Thu Jan 16, 2014 at 13:50:00 PM CST

In recent years, Congress has funded the federal government mostly through a series of continuing spending resolutions. But yesterday, the U.S. House approved an omnibus budget bill that would fund most federal agencies through September 30 (the end of the 2014 fiscal year). The massive bill passed by an overwhelming margin of 359 votes to 67. All but three Democrats present voted yes, including Iowa's Bruce Braley (IA-01) and Dave Loebsack (IA-03). Republican Tom Latham also supported the bill, but Representative Steve King (IA-04) was among the 64 conservatives who voted no.

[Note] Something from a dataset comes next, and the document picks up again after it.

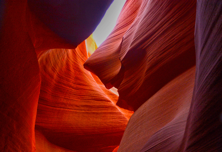 赤茶色の砂岩が、雨風に削られてできた狭い渓谷スロットキャニオン。

I've enclosed statements from Loebsack and King below. (I have not seen any public comment from Braley or Latham) Loebsack called attention to provisions he fought to include in the omnibus budget bill. King's statement on yesterday's vote is just one sentence long--the shortest comment I can ever remember receiving from his office.

Because the bill is so massive, it's hard to get a handle on the good news and bad news. Here's a summary of spending levels for various agencies. It looks like many domestic areas will be funded above "sequester" levels, including nutrition for Women, Infants and Children and some transportation programs. Some anti-environmental riders sought by Congressional Republicans were removed before the bill came up for a vote. Others made the cut, such as language supporting incandescent light bulbs and investments in overseas coal projects.